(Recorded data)
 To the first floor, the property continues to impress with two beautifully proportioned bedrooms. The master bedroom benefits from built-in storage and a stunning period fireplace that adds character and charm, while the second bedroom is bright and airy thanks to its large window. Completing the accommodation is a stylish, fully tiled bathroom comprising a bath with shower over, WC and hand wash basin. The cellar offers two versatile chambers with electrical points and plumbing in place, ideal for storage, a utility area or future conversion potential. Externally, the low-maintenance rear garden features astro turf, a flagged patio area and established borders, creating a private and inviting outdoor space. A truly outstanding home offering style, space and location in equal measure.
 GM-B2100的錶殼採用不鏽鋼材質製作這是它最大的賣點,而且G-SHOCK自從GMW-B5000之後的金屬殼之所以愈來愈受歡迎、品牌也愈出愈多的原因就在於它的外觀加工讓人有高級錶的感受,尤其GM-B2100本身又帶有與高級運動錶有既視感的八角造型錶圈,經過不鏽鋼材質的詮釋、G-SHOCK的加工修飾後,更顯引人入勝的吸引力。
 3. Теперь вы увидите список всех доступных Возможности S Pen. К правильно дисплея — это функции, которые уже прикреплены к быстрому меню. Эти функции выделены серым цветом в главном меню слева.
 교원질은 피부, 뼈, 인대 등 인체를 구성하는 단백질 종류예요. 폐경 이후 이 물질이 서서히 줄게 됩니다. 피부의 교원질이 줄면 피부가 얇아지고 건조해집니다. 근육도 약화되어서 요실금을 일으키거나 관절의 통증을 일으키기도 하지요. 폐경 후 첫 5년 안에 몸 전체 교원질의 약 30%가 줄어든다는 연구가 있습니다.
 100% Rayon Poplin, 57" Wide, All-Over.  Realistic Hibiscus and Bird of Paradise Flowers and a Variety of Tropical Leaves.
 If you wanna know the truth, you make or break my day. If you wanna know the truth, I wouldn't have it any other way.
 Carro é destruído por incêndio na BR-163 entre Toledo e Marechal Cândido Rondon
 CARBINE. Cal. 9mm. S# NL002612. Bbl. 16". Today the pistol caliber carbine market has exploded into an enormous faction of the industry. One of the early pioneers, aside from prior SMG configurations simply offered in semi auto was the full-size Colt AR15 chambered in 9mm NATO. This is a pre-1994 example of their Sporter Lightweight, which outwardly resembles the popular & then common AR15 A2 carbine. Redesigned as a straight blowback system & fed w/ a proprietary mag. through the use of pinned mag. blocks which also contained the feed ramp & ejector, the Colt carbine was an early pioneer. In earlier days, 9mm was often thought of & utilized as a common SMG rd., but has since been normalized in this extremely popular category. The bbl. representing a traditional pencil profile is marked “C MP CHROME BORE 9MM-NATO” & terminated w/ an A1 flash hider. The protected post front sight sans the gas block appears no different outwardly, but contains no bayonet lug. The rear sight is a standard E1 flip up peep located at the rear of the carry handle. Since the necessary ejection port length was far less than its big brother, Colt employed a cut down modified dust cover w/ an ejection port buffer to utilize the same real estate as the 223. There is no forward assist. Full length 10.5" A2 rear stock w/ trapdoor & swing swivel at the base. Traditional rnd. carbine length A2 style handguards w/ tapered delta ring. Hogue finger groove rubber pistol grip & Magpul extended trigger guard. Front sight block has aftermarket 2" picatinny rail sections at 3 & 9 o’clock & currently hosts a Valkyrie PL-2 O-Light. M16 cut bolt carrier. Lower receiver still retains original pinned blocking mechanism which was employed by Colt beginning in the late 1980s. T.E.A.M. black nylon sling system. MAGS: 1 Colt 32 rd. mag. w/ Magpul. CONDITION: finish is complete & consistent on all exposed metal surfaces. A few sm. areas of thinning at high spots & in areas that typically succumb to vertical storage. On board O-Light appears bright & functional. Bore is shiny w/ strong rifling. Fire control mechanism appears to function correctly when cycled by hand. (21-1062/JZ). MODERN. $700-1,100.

### Prompt
Of the entries above, transcribe exactly those lines that fall between the line containing "of Tropical Leaves." and the line containing "Carro é destruído", together with those two lines.

### Output for this exercise
 100% Rayon Poplin, 57" Wide, All-Over.  Realistic Hibiscus and Bird of Paradise Flowers and a Variety of Tropical Leaves.
 If you wanna know the truth, you make or break my day. If you wanna know the truth, I wouldn't have it any other way.
 Carro é destruído por incêndio na BR-163 entre Toledo e Marechal Cândido Rondon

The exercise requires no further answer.